The diagnosis of posttraumatic stress disorder (PTSD) is made after a person experiences one or more overwhelming traumatic event(s) and reacts with fear or disorganized behavior; followed by complaints of three clusters of categorical symptoms for at least one month: 1) intrusive re-experiencing of the trauma(s), 2) persistent avoidance of stimuli associated with the trauma, and 3) persistent symptoms of increased physiological arousal (Frances 1994). The clinical picture of PTSD in children is similar to that of adults (for review see Pynoos and Eth [1985] or De Bellis [1997]) with the exception of children less than age 4 years where more objective criteria based on observable behaviors are warranted (Scheeringa et al 1995). Children seem to be less resilient to trauma than adults. Results from a recent meta-analysis suggest that children and adolescents are about 1.5 times more likely to be diagnosed with PTSD, once traumatized, than their adult counterparts (Fletcher 1996).

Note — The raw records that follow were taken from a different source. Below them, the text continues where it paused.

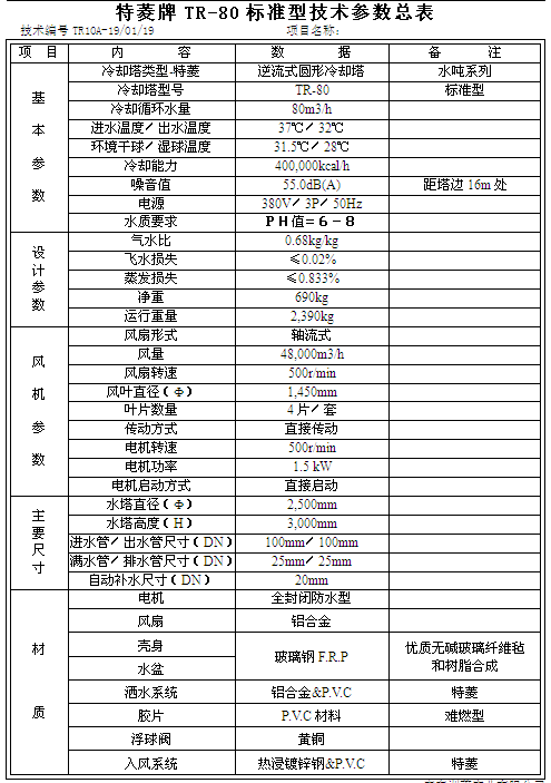 特菱TR系列80噸冷卻塔的技術特點:
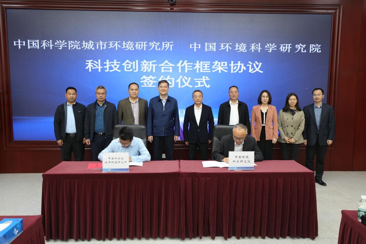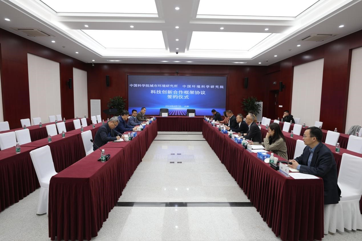 4月7日,中国工程院院士、城市环境所所长贺泓率队访问中国环境科学研究院,并与中国环境科学研究院举行科技创新合作框架协议签约仪式。城市环境所副所长郑煜铭、中国环境科学院副院长许其功分别代表双方签约,城市环境所所长贺泓、中国环科院院长李海生、总工徐义生等见证了签约仪式。
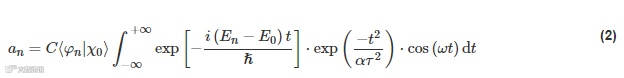 考虑高斯超快激光脉冲将系统从能量为E'0 的一种状态χ0 转换为能量为En的另一种状态φn , 波函数如下:
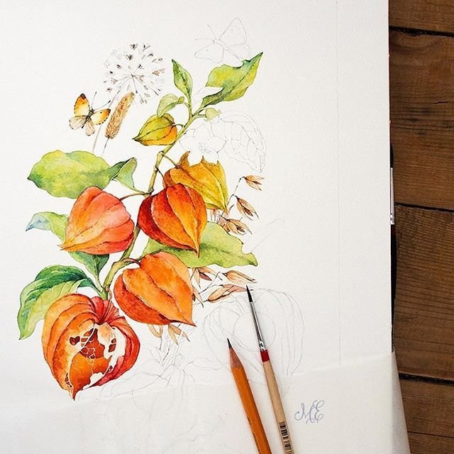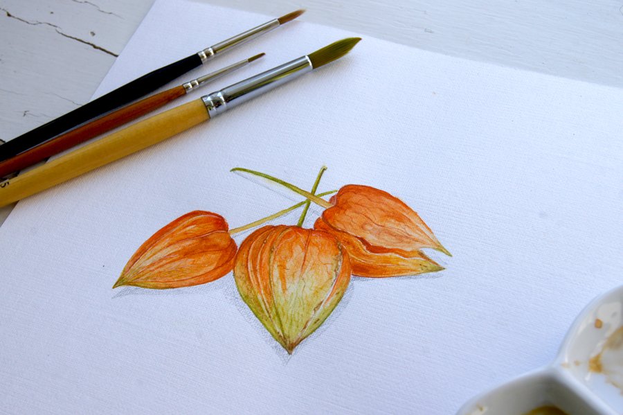 Физалис акварелью мастер класс
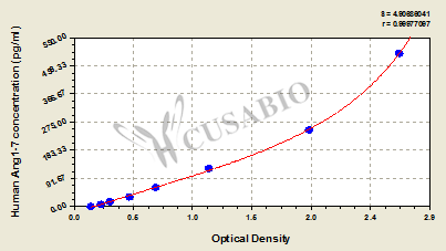 通過線性范圍來計算出實際的檢測樣本值,定量試劑盒標準曲線的相關系數(shù)R大于0.99。以CSB-E07270h(人脂聯(lián)素(ADP)ELISA Kit)為例的標準曲線。
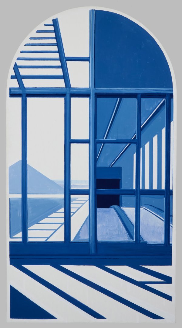 In blauen und violetten Tönen ausgeführte, großformatige Arbeit Neris, der in der zweiten Hälfte der 1990er Jahre begann, Architekturmotive und Landschaften zu malen. 1999 entstand seine Fensterserie "Windows" als Gemäldeserie und Installation, die Harald Szeemann dazu veranlasste Neri zur 49. Biennale von Venedig 2001 einzuladen, wo er an zentraler Stelle im italienischen Pavillon ausstellte. Acryl oder Tempera/Lwd.; Verso sign., betitelt u. dat. 2002. Ca. 250 cm x 137 cm.
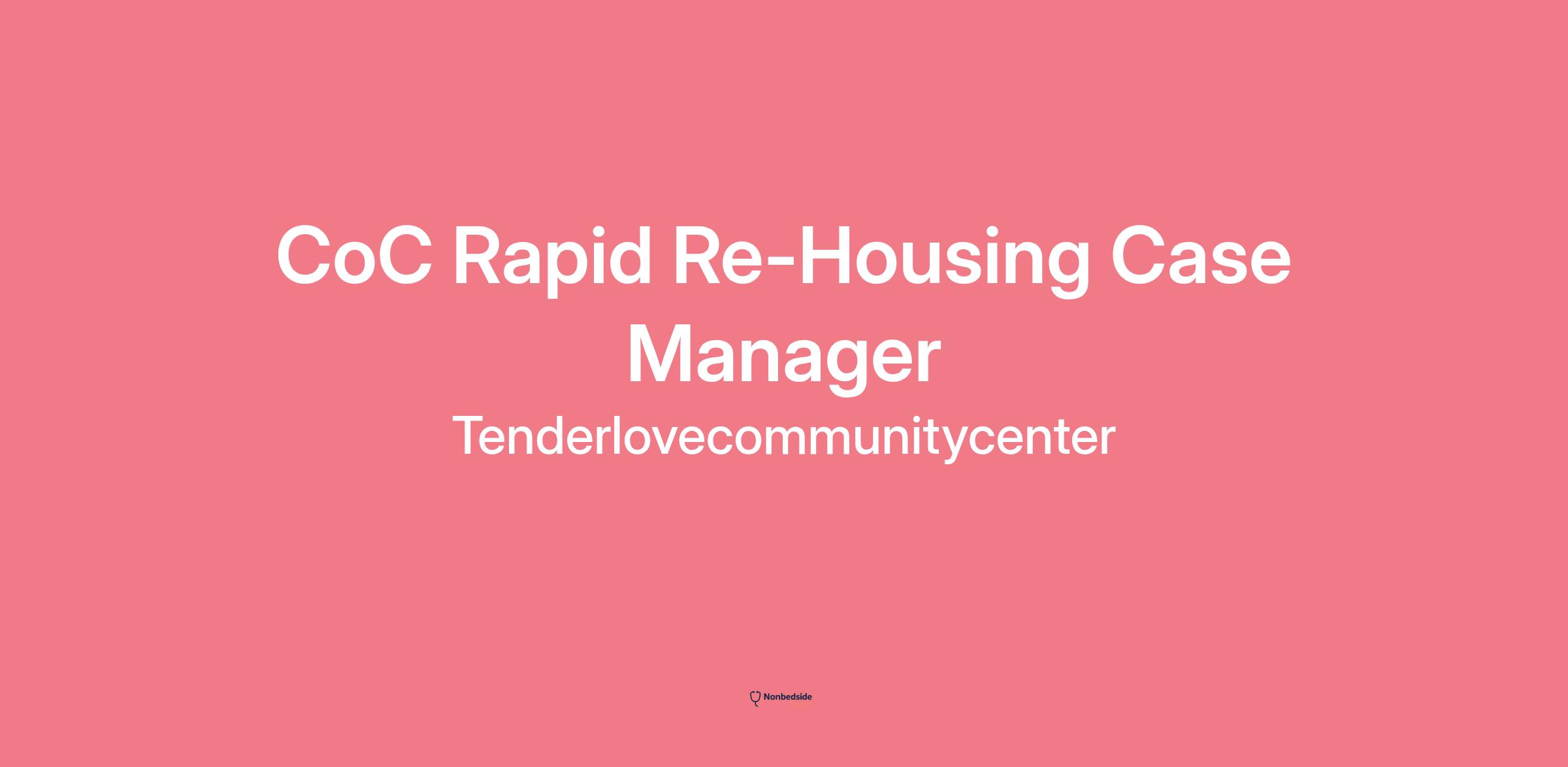 TenderLove Community Center is seeking a compassionate, organized, and mission-driven Rapid Rehousing Case Manager to join our team under the Continuum of Care (CoC) Program. This individual will provide trauma-informed, client-centered case management to individuals and families enrolled in our Rapid Rehousing (RRH) program. The Case Manager will report directly to the CoC Program Director and play a critical role in helping clients transition from homelessness to stable, independent living.

Maltreatment of children is defined as neglect, physical abuse, sexual abuse, and emotional maltreatment (that includes verbal threats to the child and witnessing domestic violence). It is a serious public health problem, and may be one of the most common causes of interpersonal traumas and of PTSD in children and adolescents (De Bellis 1997). In 1996, the incidence rate of alleged maltreatment cases were reported to be 44 out of every 1000 children (U.S. Department of Health and Human Services 1998). Maltreatment in childhood is both a cause and a risk factor for PTSD (De Bellis and Putnam 1994). PTSD occurs in 42%–90% of individuals exposed to sexual abuse (McLeer et al 1994), 50%–100% among those witnessing domestic violence (Pynoos and Nader 1989), and 11%–50% Pelcovitz et al 1994, Green 1985 among physically abused children. Famularo et al (1988) showed that 62 out of 156 (39.7%) children, who were removed from their parent’s physical and legal custody secondary to maltreatment, had PTSD within the initial disclosure period. Of those children who disclosed sexual abuse, 63% had a diagnosis of PTSD. Seventeen of the 52 (32.7%) re-examined from the original sample of 62 continued to meet PTSD criteria, although 67.3% no longer met full PTSD criteria at 2-year follow-up (Famularo et al 1996). Subjects with chronic PTSD also had much co-morbidity. Thus, the chronic stress of maltreatment experiences in childhood, especially sexual abuse, is a risk factor for acute and chronic PTSD as well as other negative developmental consequences De Bellis 1997, National Research Council 1993.

Several neurotransmitter and neuroendocrine systems are activated during acute stress (reviewed by Charney et al 1993). Traumatic stress may have negative effects on the development of these systems (De Bellis and Putnam 1994). There is little research on the neurobiological effects of trauma and PTSD in developing children. Studies of the neurobiological effects of overwhelming stress in animal models and of the psychobiology of adult PTSD provide our only comparative models. To date, most investigators have focused on two of the body’s major stress systems, the catecholamine system (the locus ceruleus-norepinephrine [NE]/sympathetic nervous system [SNS]) and the hypothalamic-pituitary-adrenal (HPA) axis.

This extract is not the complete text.